▶ Supplied data

★ ★ ★

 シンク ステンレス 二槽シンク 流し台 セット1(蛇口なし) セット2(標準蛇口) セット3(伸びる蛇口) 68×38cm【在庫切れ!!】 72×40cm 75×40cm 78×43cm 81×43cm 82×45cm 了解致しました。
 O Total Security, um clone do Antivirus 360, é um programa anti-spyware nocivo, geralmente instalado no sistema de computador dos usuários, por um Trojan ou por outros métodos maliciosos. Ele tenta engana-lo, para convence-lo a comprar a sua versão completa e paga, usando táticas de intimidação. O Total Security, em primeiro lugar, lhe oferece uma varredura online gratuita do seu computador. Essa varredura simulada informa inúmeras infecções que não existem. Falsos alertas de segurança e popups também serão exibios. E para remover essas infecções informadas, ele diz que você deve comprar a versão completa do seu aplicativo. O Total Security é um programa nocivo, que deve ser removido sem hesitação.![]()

★ ★ ★

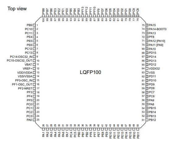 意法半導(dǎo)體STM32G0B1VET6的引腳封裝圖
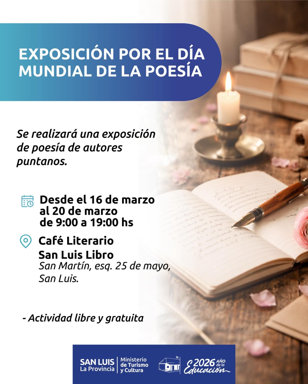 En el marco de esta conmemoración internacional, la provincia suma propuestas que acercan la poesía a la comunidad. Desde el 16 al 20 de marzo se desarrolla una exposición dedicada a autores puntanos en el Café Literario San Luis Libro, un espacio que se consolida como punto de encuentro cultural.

★ ★ ★

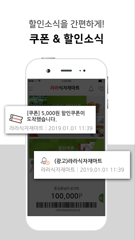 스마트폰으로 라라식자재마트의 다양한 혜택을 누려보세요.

★ ★ ★

When you reach the line holding "意法半導(dǎo)體STM32G0B1VET6的引腳封裝圖" in the listing above, begin retyping exactly, and stop once the line holding "En el marco" is done; pictures stay out.

 意法半導(dǎo)體STM32G0B1VET6的引腳封裝圖
 En el marco de esta conmemoración internacional, la provincia suma propuestas que acercan la poesía a la comunidad. Desde el 16 al 20 de marzo se desarrolla una exposición dedicada a autores puntanos en el Café Literario San Luis Libro, un espacio que se consolida como punto de encuentro cultural.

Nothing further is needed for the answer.